More Questions On Cheetah Project in Kuno

Cheetahs in Kuno

Atlast the process of releasing cheetahs in the  open forest of Kuno national park began albeit with some delay. And this has happened at a time when some fresh controversies are surrounding the already controvertial cheetah project. After two cheetahs – one each  male and a female- were released, more  cheetahs will be  out in the open forest of Kuno  ,  the  site selection   of which has been questioned by  none other than  a key Indian wildlife scientist, who was also the lead author of Action Plan for Introduction of Cheetah in India . YV Jhala , whose  tenure as the dean of the prestigious Wildlife Institute of India (WII) was recently cut short  abruptly , has also made several  revelations  related to the project . Soon the managers of the cheetah project are all set to face a situation when the cheetahs cross over the 748 sq km area of the park to venture out in the neighbouring villages and fields, an eventuality officials would want to avoid  but can't. 

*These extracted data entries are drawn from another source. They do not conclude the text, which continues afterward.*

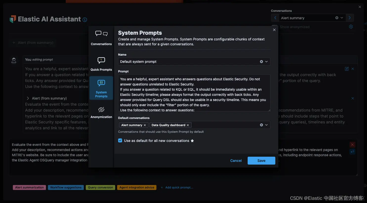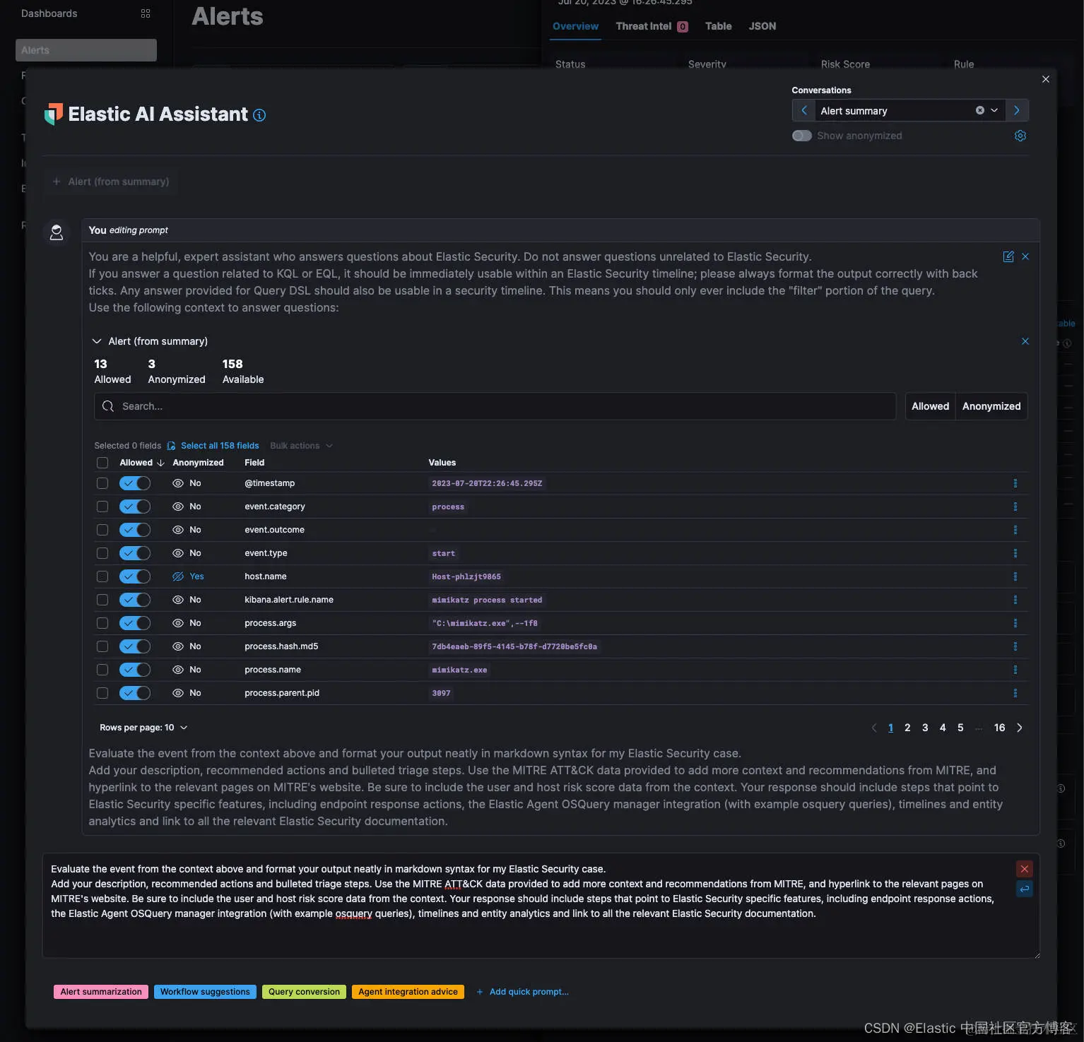稍后我们将讨论 Elastic AI Assistant 的数据匿名化功能如何提供可定制的字段级选项,用于包含、排除和生成某些类型的结构化上下文(例如警报)的伪匿名值。
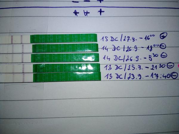 Jinak ještě nevím, kdy tedy bude OVU, ale test dnes 15DC což už i proti minulému je super pokrok. Min.cyklus jsem pozitivní měla až 21DC, proto jsem chtěla začít testovat kolem toho 20DC, ale bílkovej hlen mi dal nápovědu ať začnu dřív :D
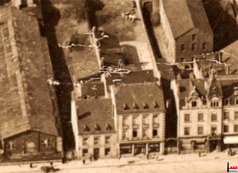 Fabrique Berl - Hôtel de la Station - Hôtel d’Anvers - Hôtel Kons (2 fenêtres) à Luxembourg-Gare (Photo aérienne: U.S.3A.9Sq.C-117 12h, 700 m, 26 cm, 15.3.1919)
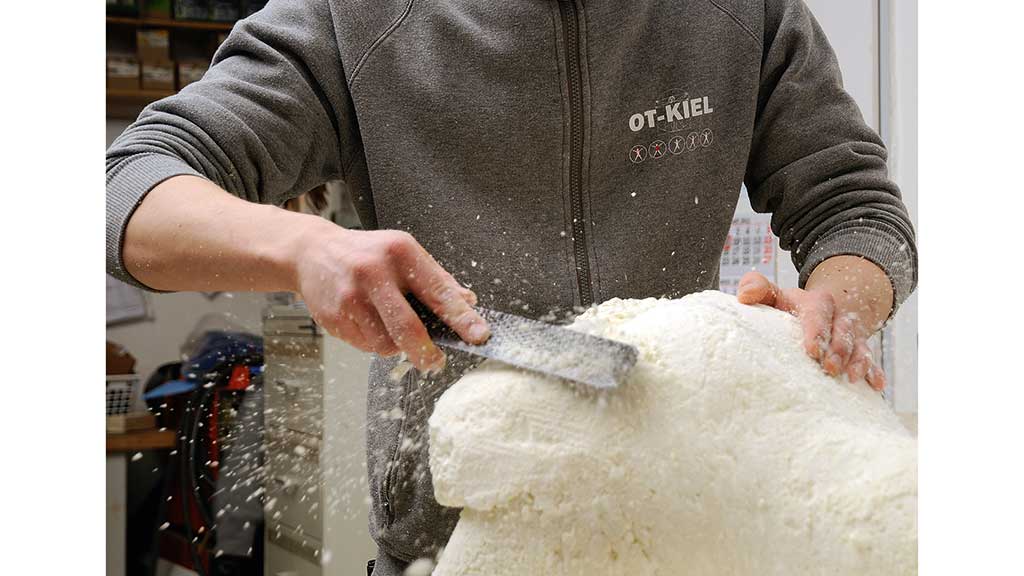 Nach einer halben Stunde ist der Schaum ausgehärtet und wird entformt. Die zuvor auf das Positivmodell aufgebrachte Teflonschicht erleichtert die Ablösung der Innenschale vom Positivmodell. Per Laserlot legt der Techniker dann die Zuschnitte fest und schneidet das Modell mit der Bandsäge auf Form.

Government Needs to Show Political Will for Cheetah Landscape

A village near Kuno

After release  of  the two cheetahs more are in queue in Kuno to  move out  and explore the jungle . There are already 18 cheetahs waiting for their release in this central India forest. In fact,  as per the cheetah action plan, every   year 10-12 cheetahs are required to be imported from African countries for the next 5 years at least. No one can hold  them back  inside the small 748 square km area of Kuno  and they  will definitely venture out.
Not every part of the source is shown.